Das Fußgewölbe wird nach und nach durchgedrückt
Genauer untersucht wurden solche nachgeburtlichen anatomischen Umformungen des Laufapparates in einer Studie der US-amerikanischen Universität Iowa. Hier fanden Forscher heraus, dass bei einigen Frauen die Füße nach einer Entbindung um bis zu zwei Schuhgrößen gewachsen waren. Auch noch Monate später waren die Füße einiger Untersuchungsteilnehmerinnen deutlich länger und breiter als zu Beginn der Schwangerschaft, obwohl dann die typischen Wassereinlagerungen bereits abgebaut waren.
Dass es zu solchen nachhaltigen Vergrößerungen kommen kann, führen die Experten auch auf die vermehrte Belastung der Knochen samt ihrer Bänder zurück. Während der Schwangerschaft muss vor allem das Gehgerüst das Mehr an Pfunden abfedern.
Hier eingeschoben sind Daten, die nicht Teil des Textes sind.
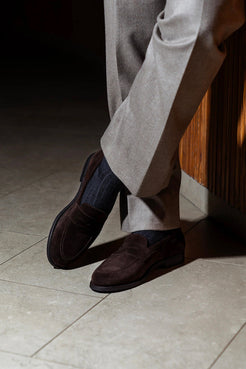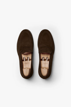 Stenhammar II made byMyrqvist in dark brown suede is an apron fronted penny loafer built on a rounded and wider last, finished with a bespoke full rubber sole. Created with generous proportions and a secure heel fit, this classic design offers exceptional comfort without compromising on style.

Dadurch drücken sich Längs- und Querbogen des Fußgewölbes verstärkt durch und die Festigkeit der Konstruktion nimmt ab.
Schlaffe Bänder durch Schwangerschaftshormone
Schuld an der schwächelnden Fußstatik sollen dabei vor allem die Bänder tragen – so die Erkenntnisse der amerikanischen Wissenschaftler. Denn diese Stabilisatoren an den Gelenken – und davon gibt es einige am Fuß – leiden ebenfalls unter den veränderten hormonellen Bedingungen während einer Schwangerschaft: Sie werden nachweislich schlapper und büßen an Festigkeit ein. Ärzte behandeln diese orthopädischen Auffälligkeiten dann als Spreizfuß.
- Die Informationen ersetzen keine ärztliche Beratung und dürfen daher nicht zur Selbsttherapie verwendet werden.